Henderson and Stewart were handcuffed, more police arrived and a crowd gathered. Stewart was released, but Henderson was booked at Allegheny County Jail where he was forced to spend the night on charges of obstruction of highways, disorderly conduct by means of unreasonable noise, and resisting arrest. The city itself admits the arrest was bogus and the charges were dropped.
"Based upon our investigation, Officer Gromek was found to have violated the following Pittsburgh Bureau of Police policies; conduct toward the public, conduct unbecoming and incompetency," Pittsburgh's Office of Municipal Investigations Manager Kathy Kraus wrote in an October 1 letter to Henderson.
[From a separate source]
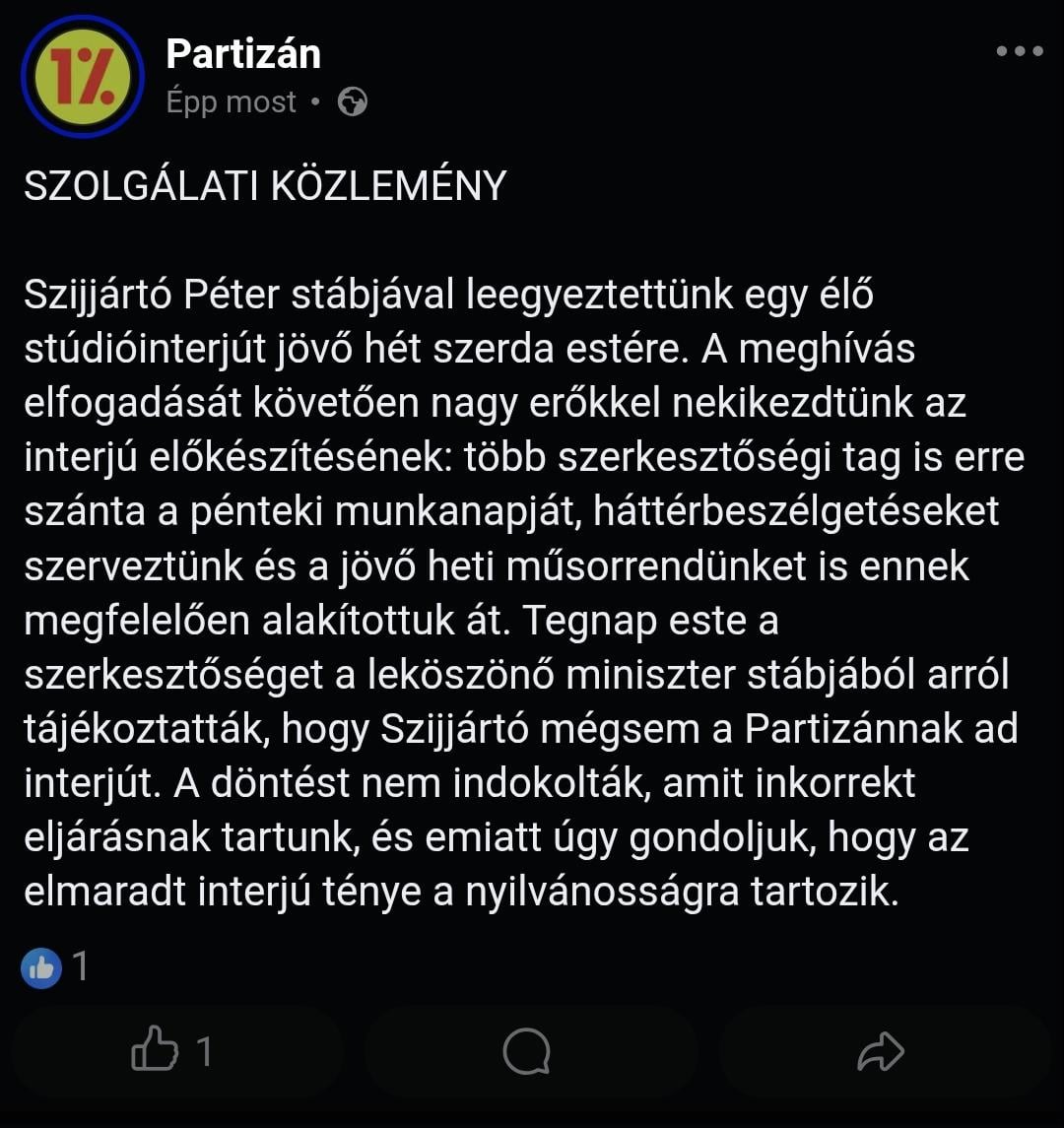 Szíjjártó ha detto a Telex che valuterà a quale giornale indipendente rilasciare un’intervista. Sospetto che pensasse che Marci sarebbe stato un avversario troppo duro per lui, quindi non lo vedremo nel Partizán.

A social studies teacher at Manchester Academic Charter School, Henderson filed the lawsuit to serve as a lesson for more than just the local police.
"I want to show my students that, regardless of your neighborhood, ethnicity, attire, age, or socioeconomic status, no one should be harassed, arrested and placed into the criminal justice system by a police officer who operates under a code of profiling, provoking and arresting individuals without just cause," Henderson said in a statement.
The ACLU lawsuit alleges Officer Gromek violated Henderson's First Amendment right peacefully to express himself, his Fourth Amendment Right not to be falsely arrested and imprisoned, and his Fourteenth Amendment right to equal protection under the law.